I don't think in this video I got into it much, but It's much more convenient to deal with configurations this way from an editor tooling perspective than dealing with prefabs.
@@LlamAcademy Ah okay. That makes sense.
couldn't you add abstract in scriptable object and if you wanted to change base add override to change the logic for a created SO enemy or whatever is being created from base
Yup, you could
Please can you make a video on how to save scriptable objects data using a savesystem.
Hi! An important piece in this video is that you do not generally create ScriptableObjects at runtime. You would not use ScriptableObjects in a Save System.

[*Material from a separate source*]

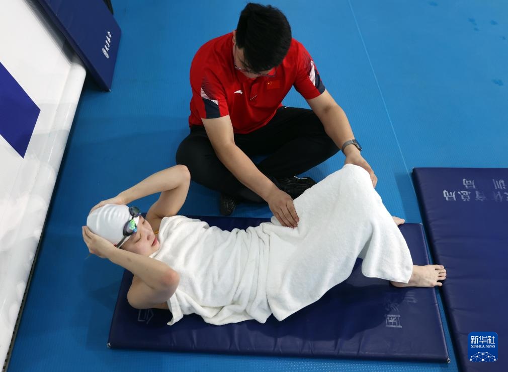 1月25日,中國游泳隊隊員馬永慧(下)在訓練后接受按摩。新華社記者 雒圓 攝
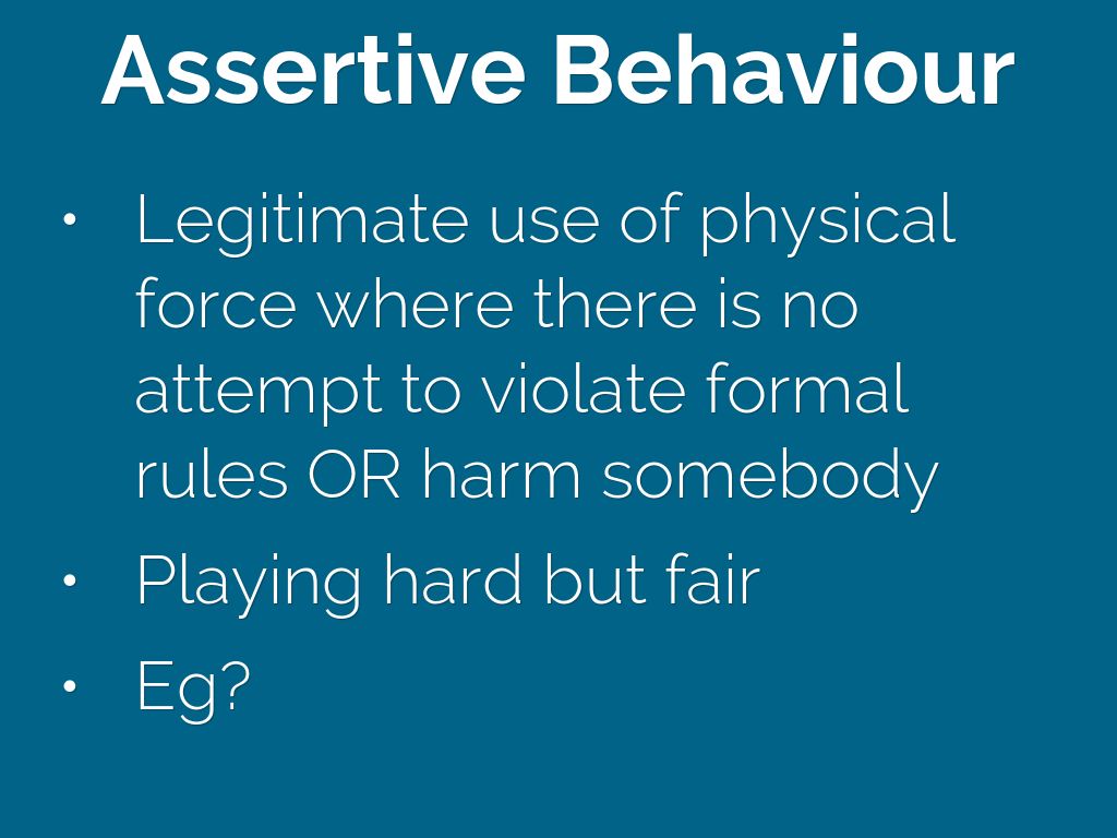 - Legitimate use of physical force where there is no attempt to violate formal rules OR harm somebody

Instead you should use Serializable Classes like in this video: ua-cam.com/video/mntS45g8OK4/v-deo.html
@@LlamAcademy Thank you soo much, but I have made a save system already, the problem is I don't know how to save data of my weapon (which is a scriptable object) as I upgrade my weapons level, fire rate and reload time. BTW, I watched the video already thank you.
In that case, you should be able to serialize your ScriptableObject's properties into your save system and deserialize them back into a ScriptableObject on load. Is that not working for some reason for you?
@@LlamAcademy I havent seen a video for that
It's the same concept. The ScriptableObject is just a C# class that is serializable. You mark the ScriptableObject as [System.Serializable] and do JsonConvert.DeserializeObject. You may have to do something like make a fully serializable class because I’m not sure if you can simply do new YourScriptableObject() which is what the Json Serializer will do
This video content: your face 98%. Scriptable objects 2%.
um, no if you actually listen then you'll get more information than you'd from a copy paste code video.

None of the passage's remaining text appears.